Even “freethought” organizations weren’t really all that impressed with “freethought” writers. When they held conventions, their stars were always people from the outside: Barbara Ehrenreich, Katha Pollitt, Richard Dawkins, Wendy Kaminer. Edith felt a wave of heat roll over her and took her hands away from her head. She had started to get hot flashes. She hated them.

The mail was out there on the carpet. It wasn’t going to go away while she sat there. Edith got out of her chair. She hated the thought of going through the dining room, because the copy of Vanity Fair was still there, still marked at the place where Bennis’s picture was. She solved this by looking above it, out the window to the side, and catching a glimpse of a police car parked somewhere down the street, its lights flashing slowly but its siren silent. It did not faze her. Ever since that fool man, with his dead wife and his religious faith that had done him no good but to make him crazy, had shot his head off at the altar in St.
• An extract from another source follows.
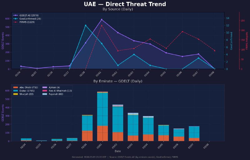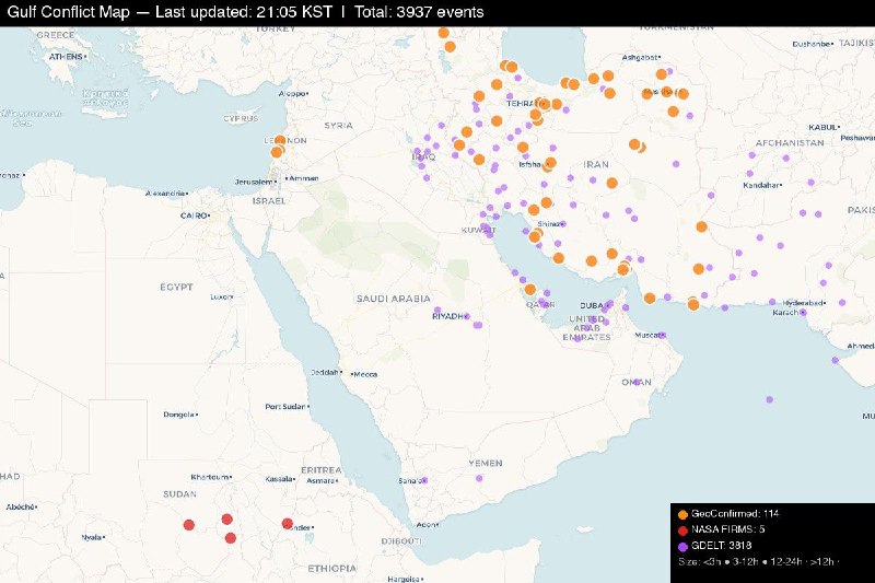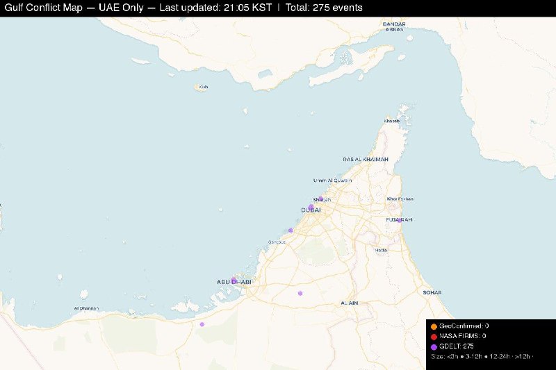그 이후 제온이는 스스로 전쟁 정보를 체계화하고 있었다. 어느새 속보만 쏟아지던 채널에는 여섯 장의 카드가 10분 간격으로 정리되어 올라온다. 전황 브리핑과 리스크 스코어, 걸프 지역 분쟁 시계열 차트, UAE 직접 위협 추이, 중동 전체 분쟁 지도, UAE 줌인 지도, 호르무즈 해협 항공 현황 등.

Anselm’s, there were police cars in this street all the time. It was almost comforting. This was Philadelphia, after all. They could always use a police presence. Edith made a mental note to write a column about faith healing, something everybody hated, something she couldn’t be made a fool of for writing. Then she realized that she was standing there in front of the mail slot with the mail at her feet, and that all the news was bad.

“First rule of real life,” Bennis Hannaford had told her. “When they want the piece, they don’t send mail in your stamped, self-addressed envelope. They don’t even use e-mail. They get on the phone and call.”